I've been on an intense zero waste mission lately. Can I pickle this?! Can I purée this?! In our kitchen, we may not be in a place where we can break down whole animals, BUT we are in a position where we can use vegetables from leaf to root! This is what I mean by "zero-waste"– using every part of produce possible.
The weekends are my favorite days in the kitchen because I get to sort through the walk-in and make new things out of random bits and pieces. I've also been placing bowls by everyone's prep station and as they put waste in the bowl, I get a general idea on how we can waste less. It also gives me a chance to think creatively by turning waste into something beautiful and delicious!
So, today I took JJ Lone Daughter's first of the season Valencia oranges and supremed them and then candied the peel that we can use as cheeseboard or dessert garnish. Then, I tasted these sensational purple radish leaves and thought- earthy, but neutral. Then I got carrot tops and leftover spinach and we made some awesome lemon yogurt dips that are perfectly refreshing for crudités!

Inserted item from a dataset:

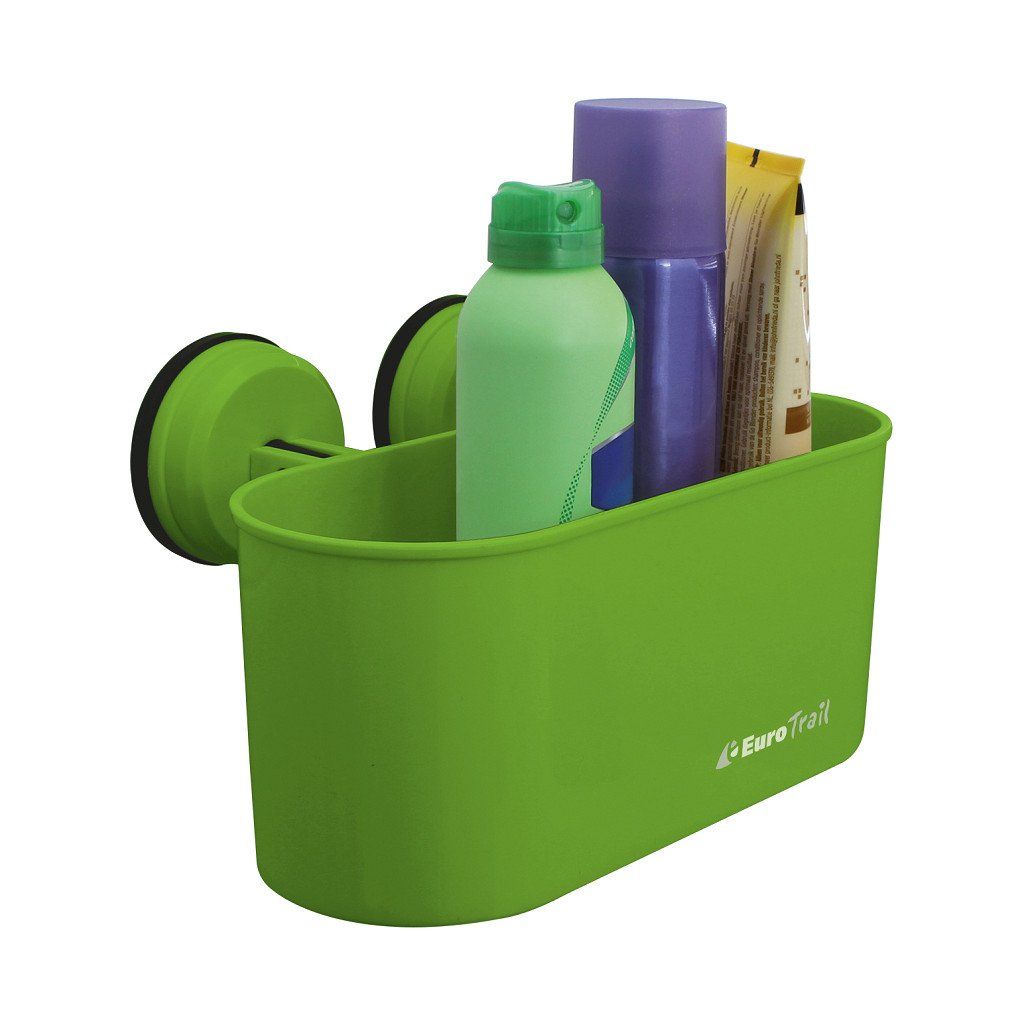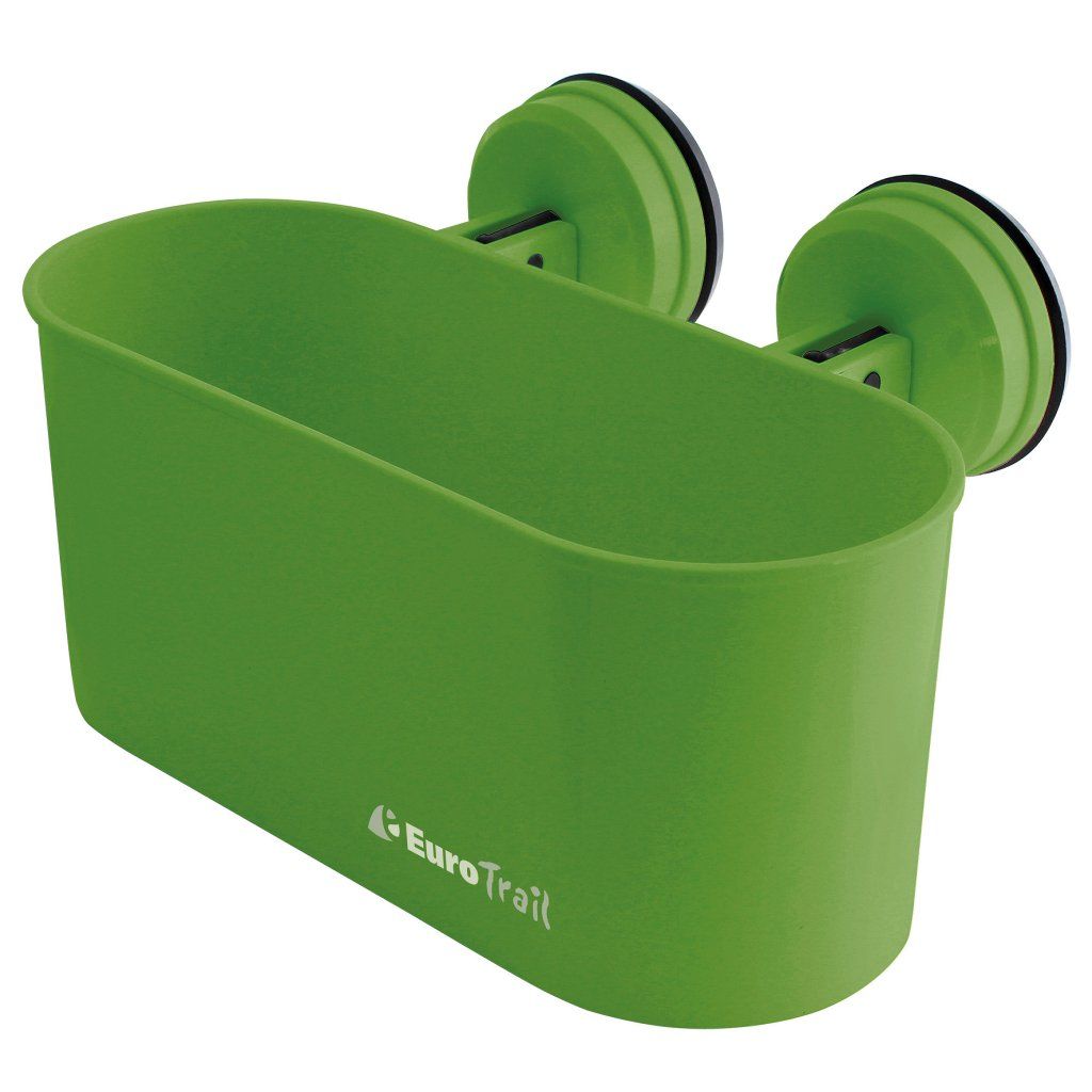 EUROTRAIL Držák oválný s přísavkou, zelený je praktický pomocník pro snadnou organizaci drobností v koupelně, kuchyni i karavanu. Díky silné přísavce jej jednoduše připevníte na jakýkoli hladký povrch bez vrtání a poškození stěn. Držák nabízí vysokou nosnost až 6 kg, takže bezpečně udrží kosmetiku, toaletní potřeby, utěrky nebo další drobné předměty, které chcete mít vždy po ruce. Moderní oválný design a svěží zelená barva se snadno hodí do každého interiéru doma i na cestách.
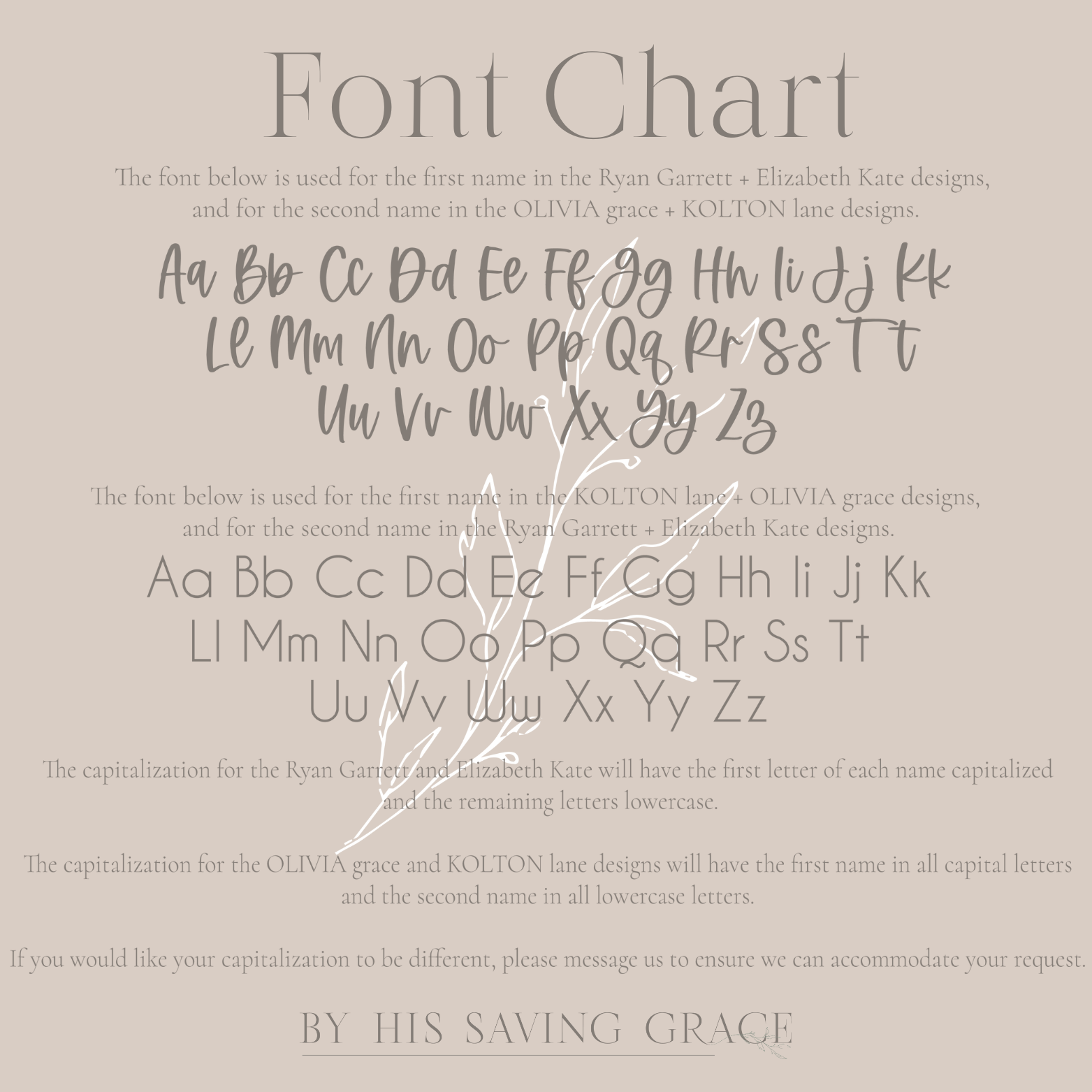 The samples' colors are: Ryan Garrett is Sage, Elizabeth Kate is Vintage Rose, OLIVIA grace is White, and KOLTON lane is Navy.

Cooking with zero-waste in mind is easier than you think. Produce that looks limp and sad might just need a second chance! Check out my video on Salted on how to revive wilted greens– you'd be surprised on how easy it is!
I know, I know– I get excited about the little things. But this zero-waste mission feels very purposeful to me as a chef. Our New Year's Resolution is to cook with zero-waste in mind! What can you turn into something new?